Distributed quantum computing (DQC) enables scalable quantum computations by distributing large quantum circuits on multiple quantum processing units (QPUs) in the quantum cloud. In DQC, after partitioning quantum circuits, they must be scheduled and executed on heterogenous QPUs while balancing latency, overhead, QPU communication resource limits. However, since fully functioning quantum communication networks have not been realized yet, near-term quantum clouds will only rely on local operations and classical communication settings between QPUs, without entangled quantum links. Additionally, existing DQC scheduling frameworks do not account for user-defined execution deadlines and adopt inefficient wire cutting techniques. Accordingly, in this work, a deadline aware DQC scheduling framework with efficient wire cutting for near-term quantum cloud is proposed. The proposed framework schedules partitioned quantum subcircuits while accounting for circuit deadlines and QPU capacity limits. It also captures dependencies between partitioned subcircuits and distributes the execution of the sampling shots on different QPUs to have efficient wire cutting and faster execution. In this regard, a deadline-aware circuit scheduling optimization problem is formulated, and solved using simulated annealing.
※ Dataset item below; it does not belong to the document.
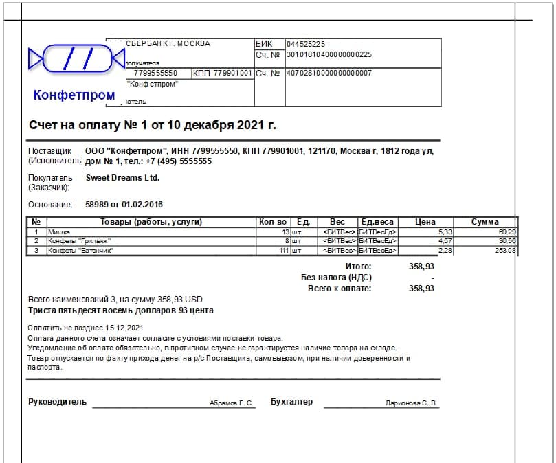 ВАЖНО! Вес в печатной форме = Вес в номенклатуре * Кол-во в реализации. Т.е мы продаем 8 шт. Шин, а в номенклатуре Шина весит 10 кг., то в печатной форме в колонке Вес должно быть 80 кг. (8 шт * 10 кг)

Simulation results show a marked improvement over existing shot-agnostic frameworks under urgent deadlines, reaching a 12.8% increase in requests served before their deadlines. Additionally, the proposed framework serves 8.16% more requests, on average, compared to state-of-the-art dependency-agnostic baseline frameworks, and by 9.60% versus the dependency-and-shot-agnostic baseline, all while achieving a smaller makespan of the DQC execution. Moreover, the proposed framework serves 23.7%, 24.5%, and 25.38% more requests compared to greedy, list scheduling, and random schedulers, respectively.

Paper Structure

This paper contains 12 sections, 7 equations, 5 figures, 2 tables, 1 algorithm.

Figures (5)

  • Figure 1: End-to-end near-term quantum cloud DQC workflow. User circuits with deadlines enter a request buffer, are cut into subcircuits by the compiler, scheduled on eligible QPUs under qubit count, depth and precedence constraints. Then, final results are reconstructed with classical post-processing.
  • Figure 2: Average served requests vs. Number of requests.
  • Figure 3: Average makespan vs number of requests.
  • Figure 4: Served requests rate vs deadline factor and number of requests.
  • Figure 5: Scheduling outputs of different benchmarks.